Quote exactly, and only, the lines from the one containing "mächtigen Gebirgszügen aufgeschlagen." through the end of the material below. Skip pictures.

• INPUT DATA
Segment Open
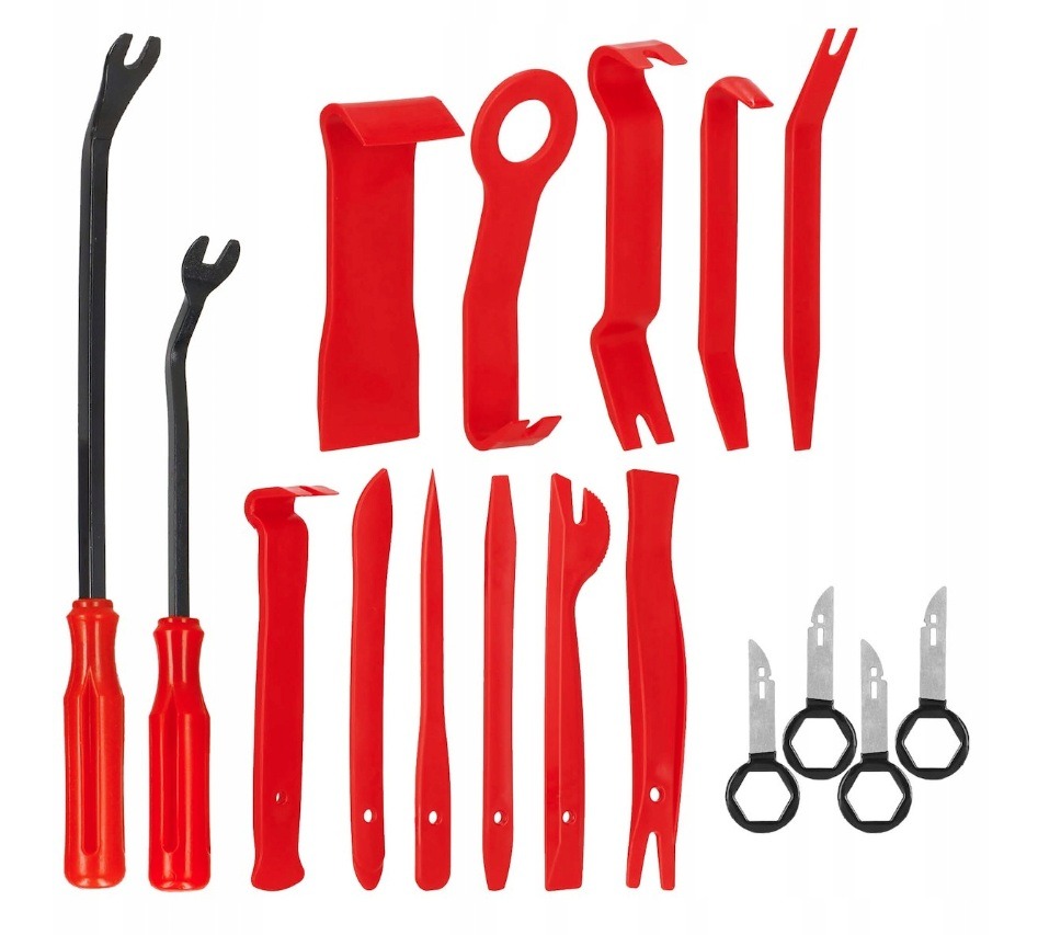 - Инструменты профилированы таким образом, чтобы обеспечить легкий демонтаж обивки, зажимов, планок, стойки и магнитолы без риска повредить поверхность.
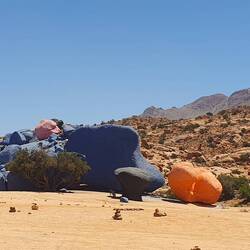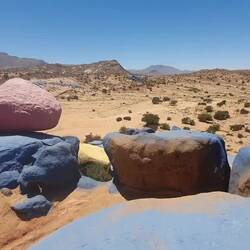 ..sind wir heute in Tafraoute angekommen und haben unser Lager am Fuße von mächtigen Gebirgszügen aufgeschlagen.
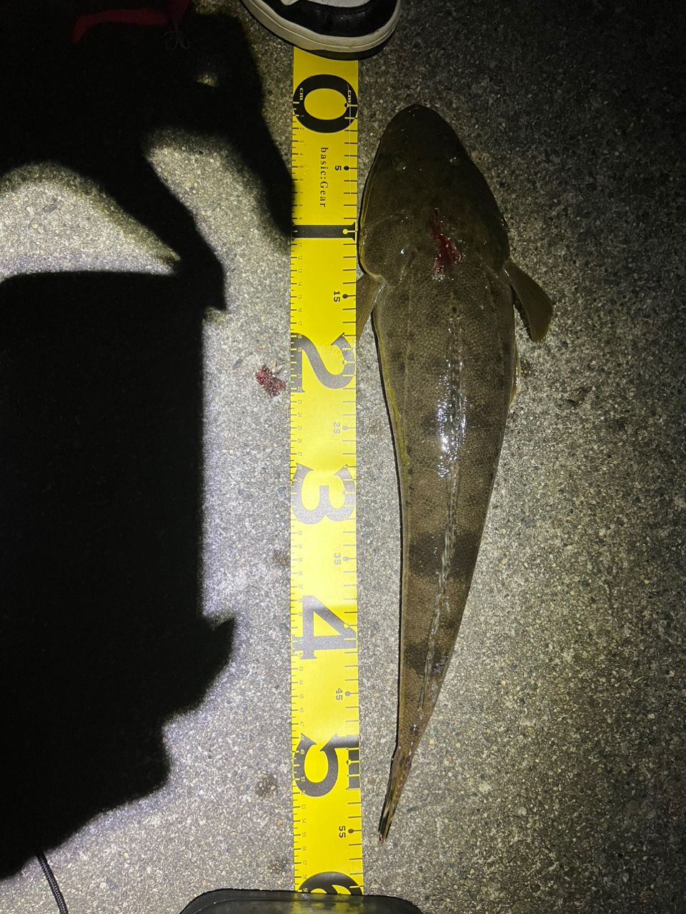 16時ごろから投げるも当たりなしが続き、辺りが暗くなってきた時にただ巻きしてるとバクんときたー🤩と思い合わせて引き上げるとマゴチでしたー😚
Segment Closed
• COMPLETED EXERCISE
 ..sind wir heute in Tafraoute angekommen und haben unser Lager am Fuße von mächtigen Gebirgszügen aufgeschlagen.
 16時ごろから投げるも当たりなしが続き、辺りが暗くなってきた時にただ巻きしてるとバクんときたー🤩と思い合わせて引き上げるとマゴチでしたー😚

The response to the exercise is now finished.